Employeurs (secteur privé)
- De nombreux employeurs ne pourraient pas obtenir de nouvelles approbations H-1B pendant au moins trois ans.
- Les employeurs qui peuvent encore demander plus tard devraient offrir au moins 200 000 $ et signer des déclarations d'attestation concernant le recrutement et les licenciements.
- Les agences de placement et de tiers ne pourraient pas parrainer ou placer des travailleurs H-1B.
- Les employeurs feraient face à un frais de 100 000 $ pour chaque demande H-1B chaque année fiscale.
Titulaire de H-1B existants et demandeurs
- Le projet de loi suspend la délivrance de nouveaux visas ; il ne dit pas clairement qu'il annule les subventions H-1B actuelles.

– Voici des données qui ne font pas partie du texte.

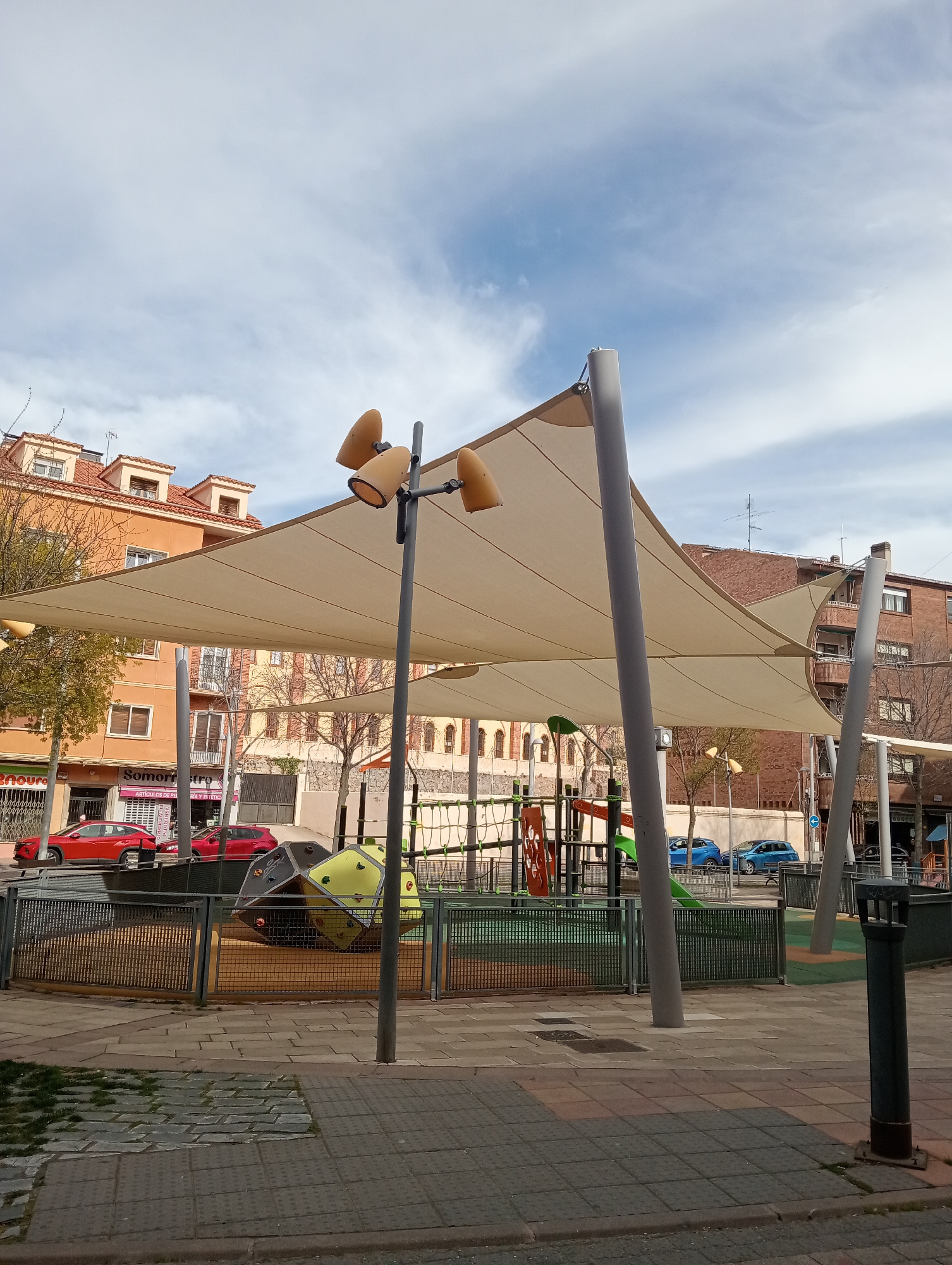 playground in Segovia, Spain. The playground is fenced and covered with a tan shade sail supported by metal poles. Within the playground, there's a climbing structure and other play equipment. Outside the fence, the ground is paved with gray stones. In the background, there are several buildings, including apartment buildings and a storefront with a sign that reads "Somorr." Red and blue cars are parked on the street. The sky is blue with scattered clouds. A streetlight with multiple tan conical shades stands near the front of the playground. A dark green trash receptacle is also visible near the edge of the playground.

- Le projet de loi interdirait l'emploi simultané et les placements par des tiers pour ceux ayant le statut H-1B. Cela pourrait affecter ceux qui travaillent actuellement pour plus d'un employeur ou par l'intermédiaire d'agences de placement. (C'est un effet probable basé sur le texte.)
Personnes à charge (conjoints et enfants mineurs)
- Les conjoints et les enfants mineurs ne seraient plus éligibles au statut de catégorie H lié à un travailleur H-1B principal.
Étudiants étrangers (F, M, J) et récents diplômés
- Le projet de loi mettrait fin à l'autorisation d'emploi liée au statut d'étudiant (couramment utilisée pour les stages et le travail après l'obtention du diplôme). Cela signifie pas de formation pratique optionnelle (OPT) ou de permission de travail similaire pour la plupart des étudiants.
Agences fédérales et entrepreneurs
- Les agences fédérales ne pourraient pas déposer de demandes H-1B ou employer directement ou indirectement des non-immigrants H-1B, y compris par le biais de contrats.
Personnes cherchant à obtenir la résidence permanente depuis l'intérieur des États-Unis
- La plupart des non-immigrants et des personnes sous libération conditionnelle ne pourraient pas ajuster leur statut pour devenir résidents permanents tout en étant aux États-Unis. Les exceptions sont étroites (par exemple, certaines demandes déposées avant l'adoption, réfugiés, certains demandeurs d'asile et résidents permanents conditionnels).
Avocats en immigration et départements RH
- Devraient s'adapter aux nouvelles règles sur les demandes, la priorisation des salaires, les paiements de frais et les restrictions sur les demandes de changement de statut ou d'ajustement.